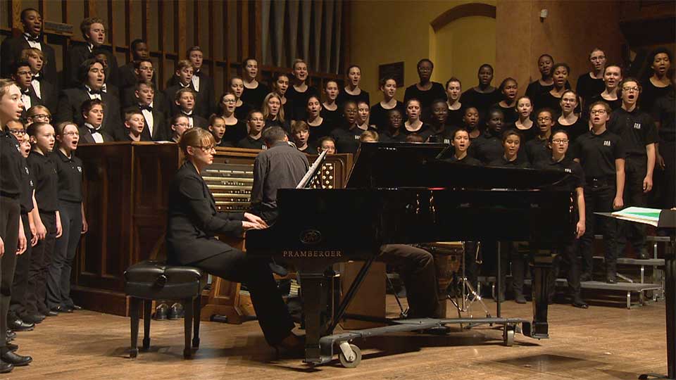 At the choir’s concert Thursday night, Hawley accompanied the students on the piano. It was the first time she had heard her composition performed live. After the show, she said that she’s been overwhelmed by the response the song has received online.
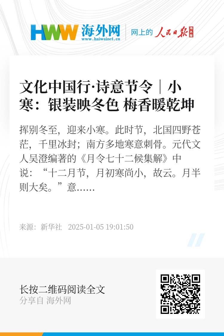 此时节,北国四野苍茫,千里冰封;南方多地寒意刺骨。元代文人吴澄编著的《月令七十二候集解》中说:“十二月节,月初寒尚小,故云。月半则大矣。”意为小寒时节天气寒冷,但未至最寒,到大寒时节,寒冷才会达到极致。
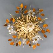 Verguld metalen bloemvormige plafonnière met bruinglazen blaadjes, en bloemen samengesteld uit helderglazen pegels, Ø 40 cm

---

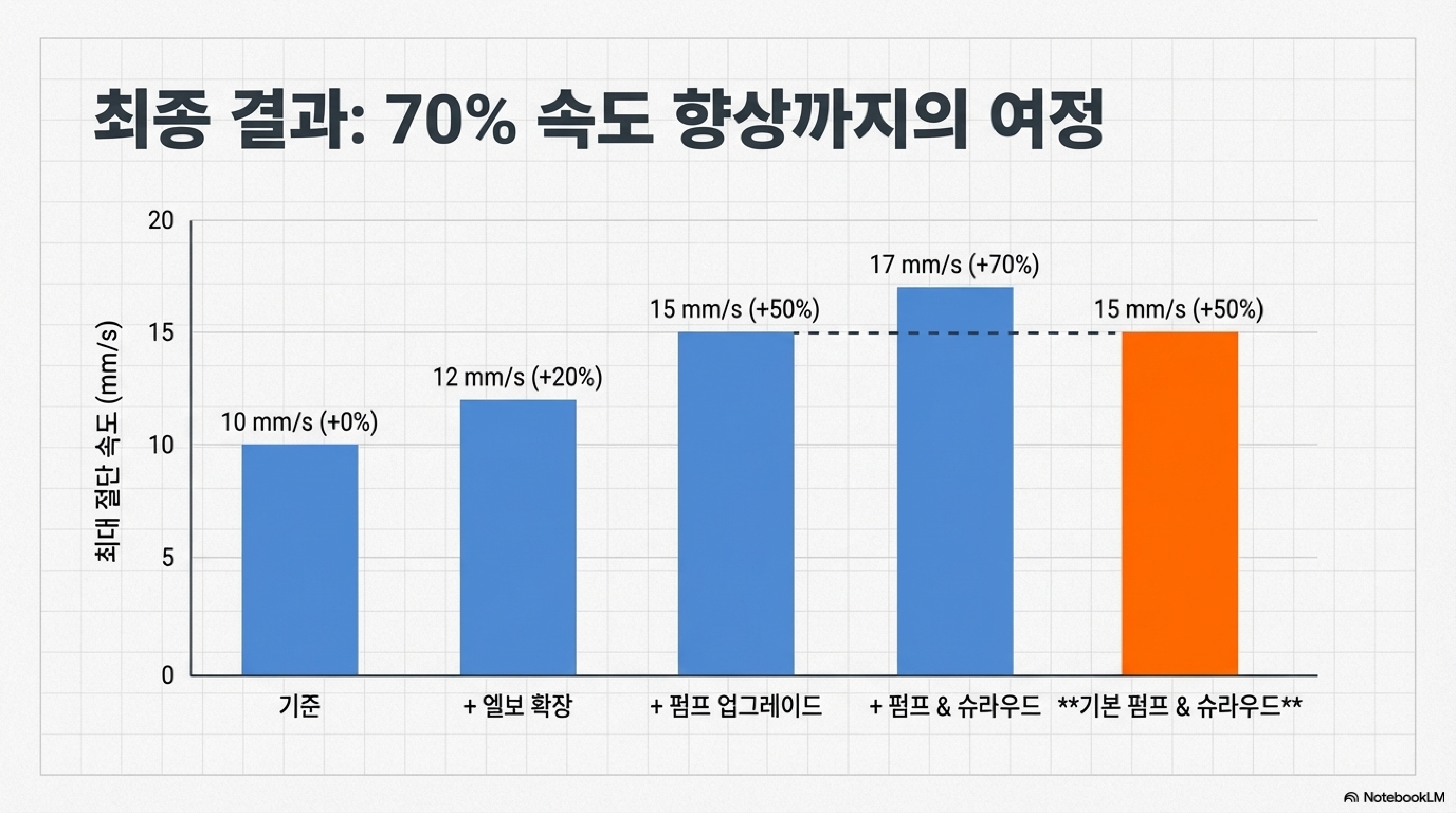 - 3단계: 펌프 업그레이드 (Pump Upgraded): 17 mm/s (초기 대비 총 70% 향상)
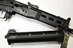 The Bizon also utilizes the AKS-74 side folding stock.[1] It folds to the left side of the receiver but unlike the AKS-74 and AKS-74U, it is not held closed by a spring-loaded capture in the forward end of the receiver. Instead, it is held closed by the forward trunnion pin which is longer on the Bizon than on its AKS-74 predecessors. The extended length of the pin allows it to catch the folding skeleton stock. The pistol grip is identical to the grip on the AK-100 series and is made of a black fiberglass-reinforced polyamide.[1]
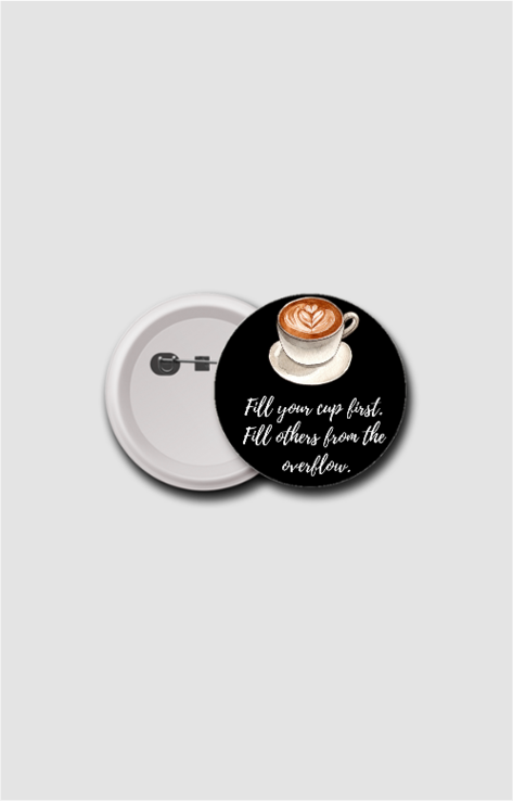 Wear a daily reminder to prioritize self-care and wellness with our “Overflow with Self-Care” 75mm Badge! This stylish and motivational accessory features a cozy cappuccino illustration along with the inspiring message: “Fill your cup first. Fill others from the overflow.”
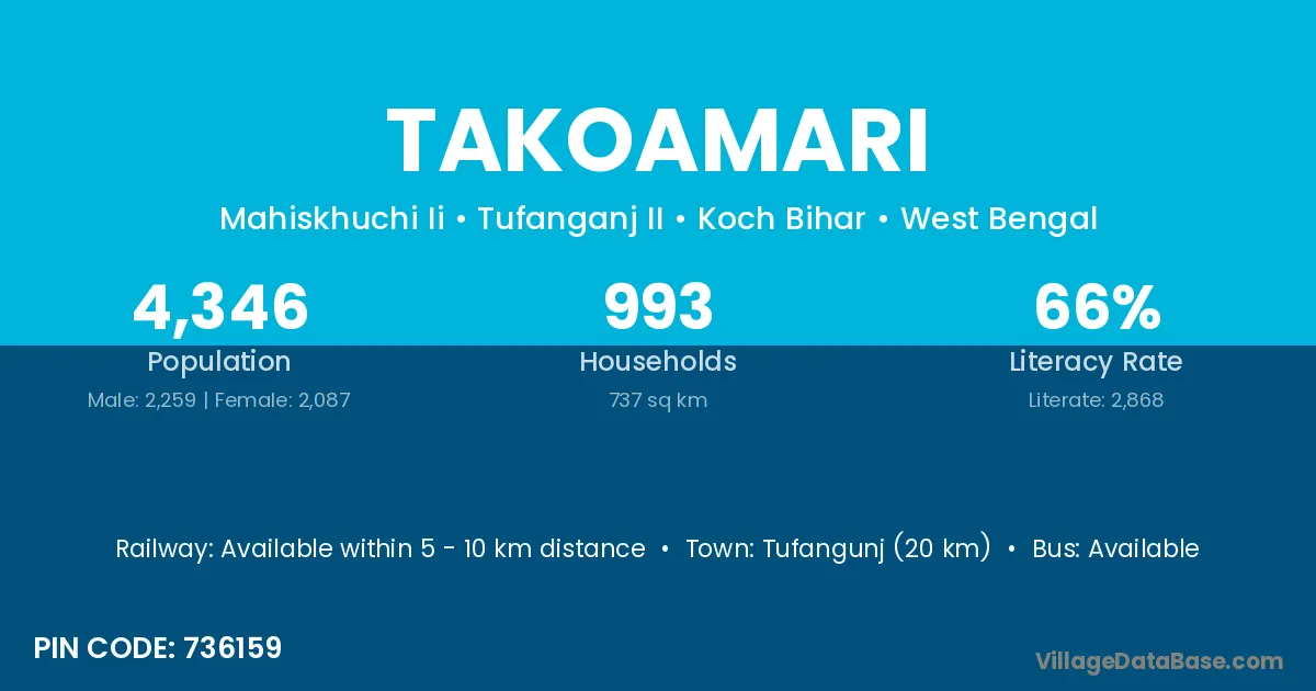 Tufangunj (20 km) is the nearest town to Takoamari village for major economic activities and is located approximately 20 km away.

==

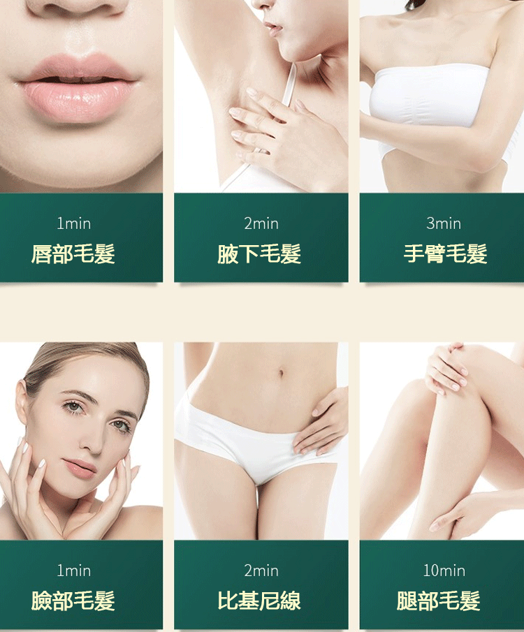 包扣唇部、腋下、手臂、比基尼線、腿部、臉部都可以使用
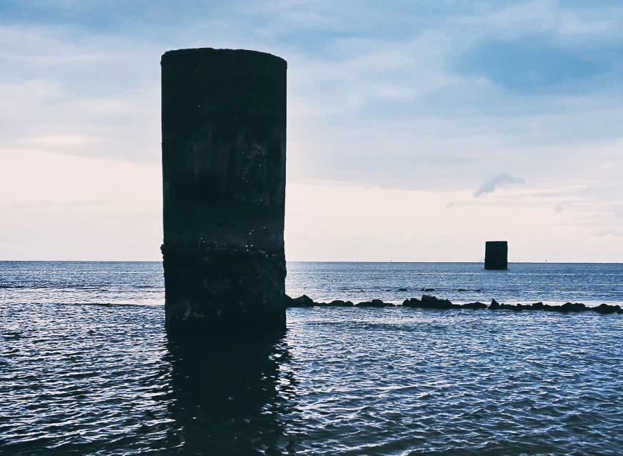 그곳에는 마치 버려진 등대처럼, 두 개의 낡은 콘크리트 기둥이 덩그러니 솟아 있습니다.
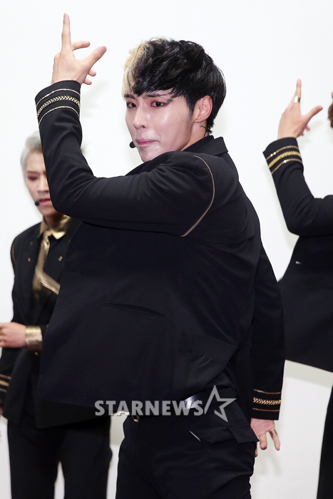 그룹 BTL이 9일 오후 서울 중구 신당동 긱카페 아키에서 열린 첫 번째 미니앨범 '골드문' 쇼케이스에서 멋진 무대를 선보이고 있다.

# To do:
Reproduce exactly the lines of the data above that run from the line with "At the choir’s" down to the line with "Verguld metalen bloemvormige", both ends included. Pictures do not belong in the copy.

# Response to this task:
 At the choir’s concert Thursday night, Hawley accompanied the students on the piano. It was the first time she had heard her composition performed live. After the show, she said that she’s been overwhelmed by the response the song has received online.
 此时节,北国四野苍茫,千里冰封;南方多地寒意刺骨。元代文人吴澄编著的《月令七十二候集解》中说:“十二月节,月初寒尚小,故云。月半则大矣。”意为小寒时节天气寒冷,但未至最寒,到大寒时节,寒冷才会达到极致。
 Verguld metalen bloemvormige plafonnière met bruinglazen blaadjes, en bloemen samengesteld uit helderglazen pegels, Ø 40 cm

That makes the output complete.